Если судьба этой идея повторит траекторию двух предыдущих линий, то в ближайшее время следует ожидать, что и эта мысль Л.С. Выготского станет нормой научного мышления и практики создания условий развития человека, независимо от его возраста и проблем, в связи с которыми ему оказывается психологическая, педагогическая, консультационная или психотерапевтическая помощь. Опора на этот механизм станет «само собой разумеющимся» моментом профессиональной деятельности психолога. Будем надеяться, что это и произойдет в ближайшем будущем..
[*] Зарецкий Виктор Кириллович, кандидат психологических наук, доцент, профессор кафедры индивидуальной и групповой психотерапии факультета консультативной и клинической психологии, ФГБОУ ВО МГППУ, Москва, Россия. E-mail: zar-victor@yandex.ru
[2] Интересно, что в «Психологическом словаре» [ 7 ], подготовленным Л.С. Выготским совместно с Б.Е. Варшавой (скончавшимся в 1927 г.) и опубликованном в 1931, термин «развитие» вообще отсутствует.
[3] Иногда в качестве первого этапа выделяется его деятельность, которая завершилась книгой «Психология искусства» [44]. Мы берем за точку отсчета его первые работы, связанные именно с проблемами развития.
[4] Здесь уместно вспомнить, что Тезисы доклада Л.С. Выготского на коллегии Государственного ученого совета социально-правовой охраны несовершеннолетних (ГУС СПОН) Наркомпроса обсуждались в мае 1924 г. на II съезде СПОН. Л.С. Выготский, который тогда лишь вступал в психологию, сделал объединенный доклад по работе трех секций (слепые, глухие, умственно отсталые). На заседании коллеги присутствовала Н.К. Крупская, которая предложила усилить практическую значимость положений доклада и подчеркнула «. мысль о необходимости найти эффективные пути приближения обучения дефективных детей к условиям обучения и воспитания в общеобразовательной школе. включения таких детей в общественно-трудовую жизнь» [11, с. 79].
[5] На конгрессе в Сиднее в октябре 2014 г. исполнительным комитетом ИСКАРа принято решение переименовать ассоциацию в Меж
дународное общество культурно-исторических деятельностных исследований, сохранив без изменения аббревиатуру.

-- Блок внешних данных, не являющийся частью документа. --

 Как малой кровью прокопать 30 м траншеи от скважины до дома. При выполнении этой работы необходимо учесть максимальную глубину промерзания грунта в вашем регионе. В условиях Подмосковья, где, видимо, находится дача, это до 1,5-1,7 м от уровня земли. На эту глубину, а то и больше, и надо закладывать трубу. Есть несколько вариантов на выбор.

[7] Разумеется, труды Л.С. Выготского не только «лежали на полках» и подлежали уничтожению. Его ученики, родные и близкие бережно хранили все тексты, конспекты, записи, а своей деятельностью продолжали делать то, что начали вместе с Учителем. И это — наряду с концептуальной культурно-исторической мощью самой концепции — стало главным фактором того, что имя Л.С. Выготского, как создателя нового направления в психологии стало известно всему миру.
[8] Автор данного текста впервые столкнулся с этой методологической проблемой еще в студенческие годы, когда оказалось, что ни одна из существующих концепций творческого мышления не может быть инструментом для решения практической задачи «формирования творческого мышления» или хотя бы содействия процессу решения творческой задачи (28).

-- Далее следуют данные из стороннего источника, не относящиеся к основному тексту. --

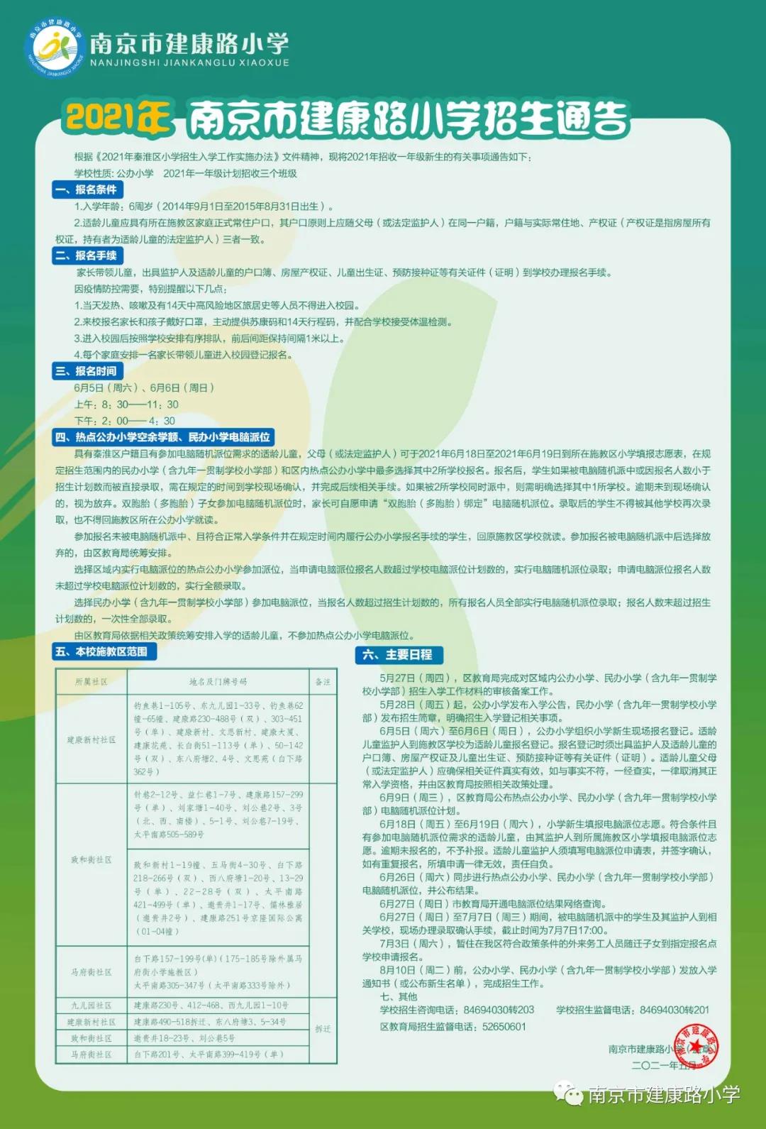2021年南京市建康路小学招生简章,含学区施教区范围划分和招生咨询电话

[9] В 2014 г. на конгрессе ИСКАРа в Сиднее автор данного текста делал доклад (совместно с А.Б. Холмогоровой), который назывался так: «Понятие “зона ближайшего развития” в педагогике и психотерапии». Первая реакция участников конгресса, присутствовавших на докладе была такой: «ну вот, Выготского не хватало только в психотерапии». Но затем отношение к такой постановке вопроса изменилось, и самого докладчика в итоге выбрали членом Исполкома ИСКАРа.
[10] Вспомним задачу, которую в 1924 г. ставила Н.К. Крупская участникам совещания по воспитанию и обучению «дефективных» детей, на котором выступал с докладом Л.С. Выготский [11].

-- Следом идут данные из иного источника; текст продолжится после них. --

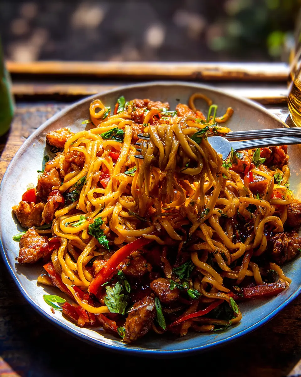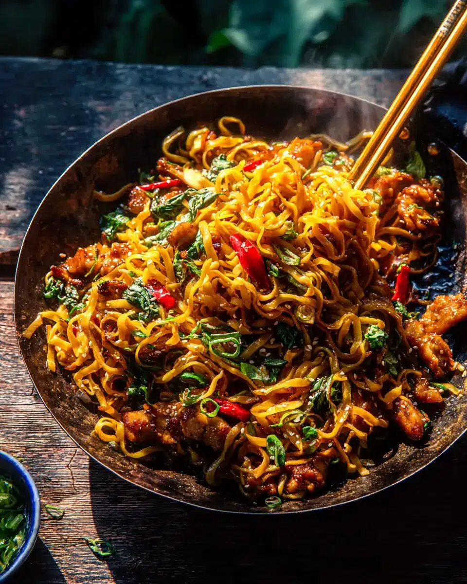 In just 20 minutes, crispy garlic chicken noodles transform simple ingredients into a savory delight. This quick recipe is perfect for busy weeknights, providing a flavorful dish packed with texture and nutrition.

[11] Материальным итогом реализации шахматного проекта стали два методических пособия «К развитию через шахматы» и «Шахматы для общего развития», а также «Рабочая тетрадь для учеников и учителей», изданные в 2016 г. [36; 55; 56] при поддержке Германско- российского шахматного фонда Сатка, созданного энтузиастом М. Дрегером. Также для поддержки учебного процесса психологом и программистом А. Чернышом разработана компьютерная программа.
[12] Когда руководители фонда пригласили автора данной статьи на конференцию по проблемам образования детей-сирот с инвалидностью, с тяжелыми соматическими заболеваниями (в сентябре 2012 г.), то первой реакцией было, что эта та категория детей, для решения проблем которых РДП вряд ли может быть полезен. Во-первых, мы никогда раньше с такими детьми не работали, во-вторых, здесь возникал такой комплекс проблем, обусловленных сиротством, инвалидностью, образом жизни, отсутствием социального опыта и вызванного этим задержками развития, что, казалось, педагогика и психология здесь бессильны. Однако идея Л.С. Выготского о том, что обучение может быть выстроено так, что один шаг в обучении будет давать много шагов в развитии, вселяла надежду. Ну и, разумеется, перед глазами был уникальный отечественный опыт обучения слепо-глухо-немых детей, созданный в эксперименте И.А. Соколянского и А.И. Мещерякова. С одним из участников этого эксперимента, д.психол.н. А.В. Суворовым автор проработал несколько лет в одной лаборатории, т.е. был непосредственным свидетелем чуда.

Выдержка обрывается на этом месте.